* _Brief_
Your response should contain only the lines running from the top of the data below through the line with "七五三イベントで実施したイベ", both included. Pictures must be omitted.

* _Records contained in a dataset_
▼▼▼

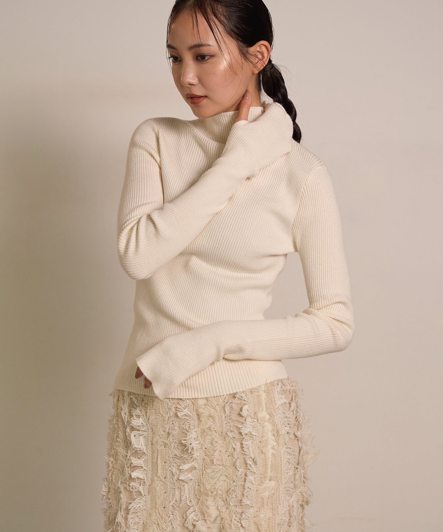 滑らかなタッチが心地よい、シーズンレスに着回せるハイネックトップス。
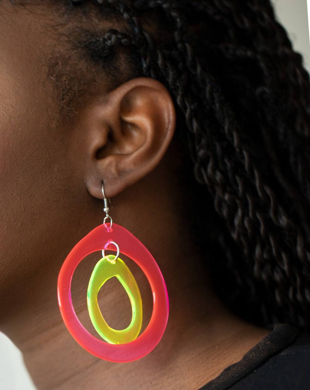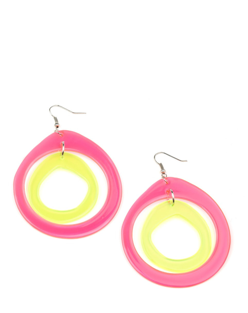 Featuring asymmetrical shapes, neon pink and yellow acrylic hoops link into a dizzying lure for an out-of-this-world experience. Earring attaches to a standard fishhook fitting.
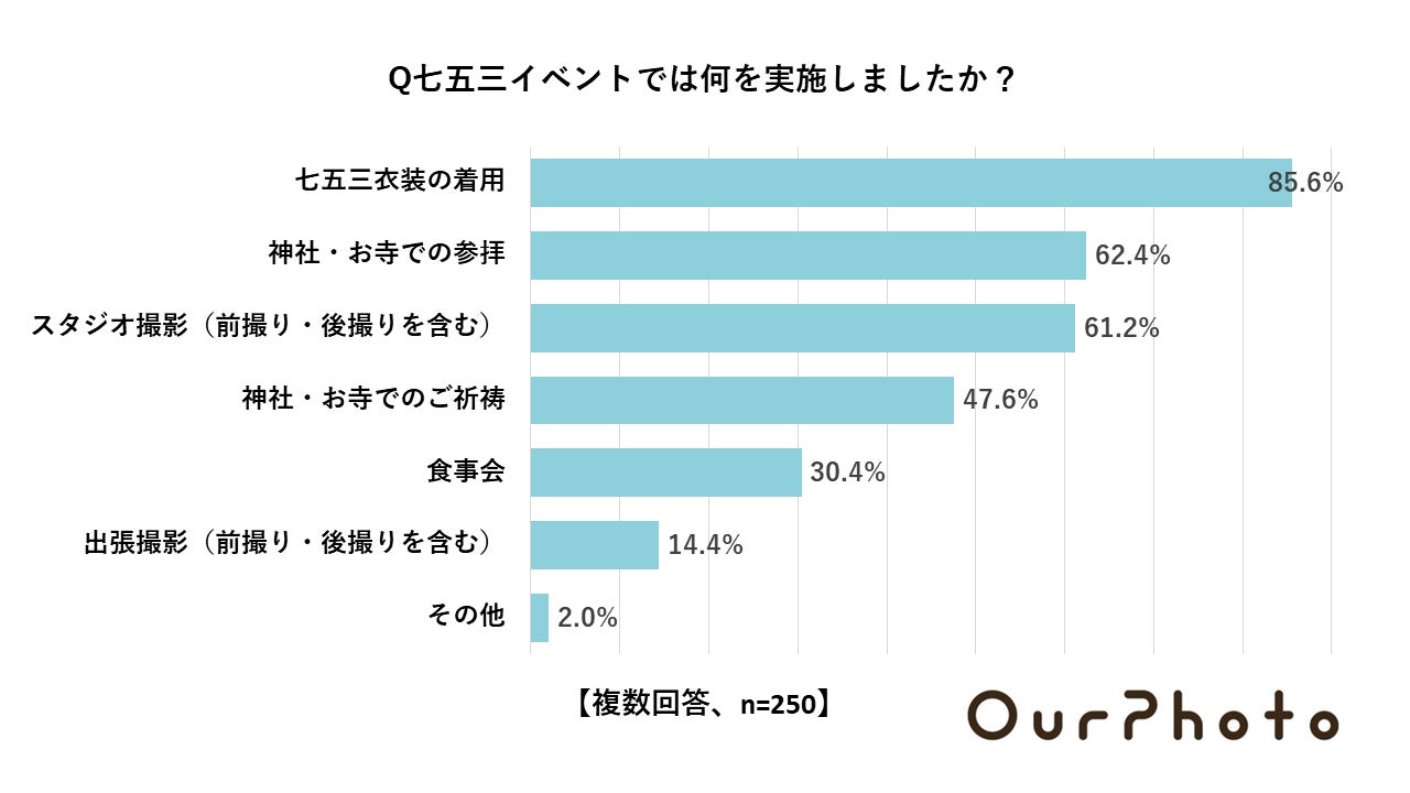 七五三イベントで実施したイベントについて聞いたところ、「七五三衣装の着用(85.6%)」、「神社・お寺での参拝(62.4%)」「スタジオ撮影(前撮り・後撮りを含む)(61.2%)」、の上位3つを6割以上の人が実施しているという結果となりました。
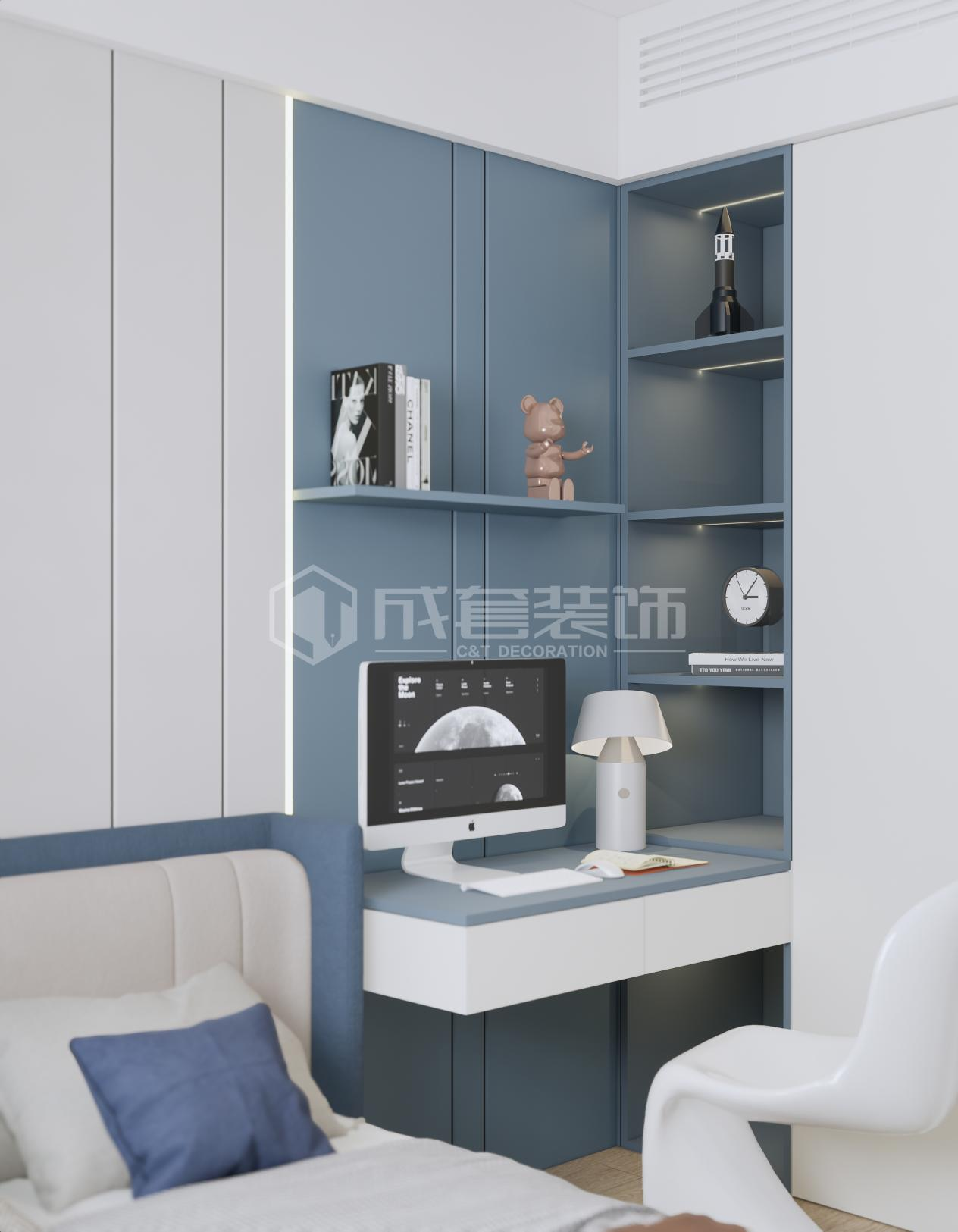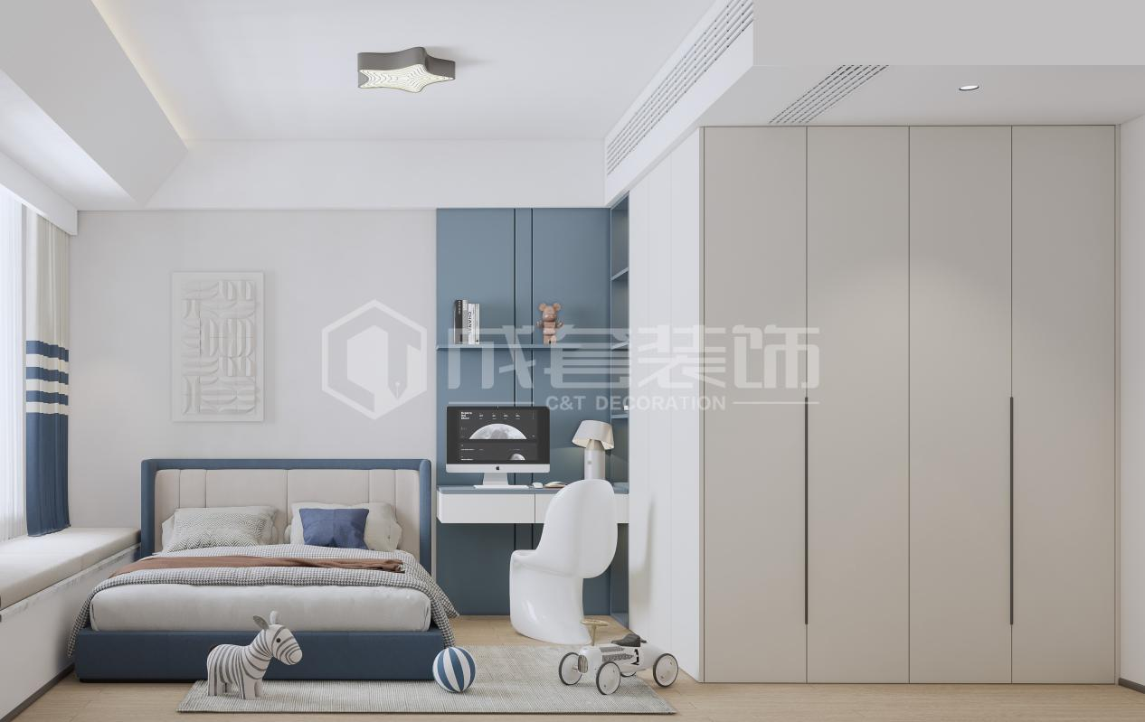 在现代风的基础上,儿童房点缀了沉静蓝,搭配童趣感的摆件玩偶,营造舒适空间。
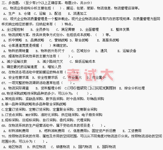 [真题]物流师资格认证考试试卷(上)(3)
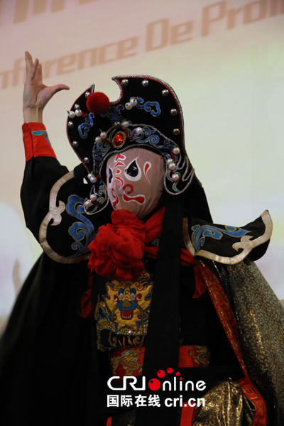 | Hong Lei ist ein bekannter chinesischer Künstler des Maskenwechsels, der sein K?nnen auf der Pressekonferenz in Brüssel zum Besten gibt. |

▲▲▲

* _Written response_
 滑らかなタッチが心地よい、シーズンレスに着回せるハイネックトップス。
 Featuring asymmetrical shapes, neon pink and yellow acrylic hoops link into a dizzying lure for an out-of-this-world experience. Earring attaches to a standard fishhook fitting.
 七五三イベントで実施したイベントについて聞いたところ、「七五三衣装の着用(85.6%)」、「神社・お寺での参拝(62.4%)」「スタジオ撮影(前撮り・後撮りを含む)(61.2%)」、の上位3つを6割以上の人が実施しているという結果となりました。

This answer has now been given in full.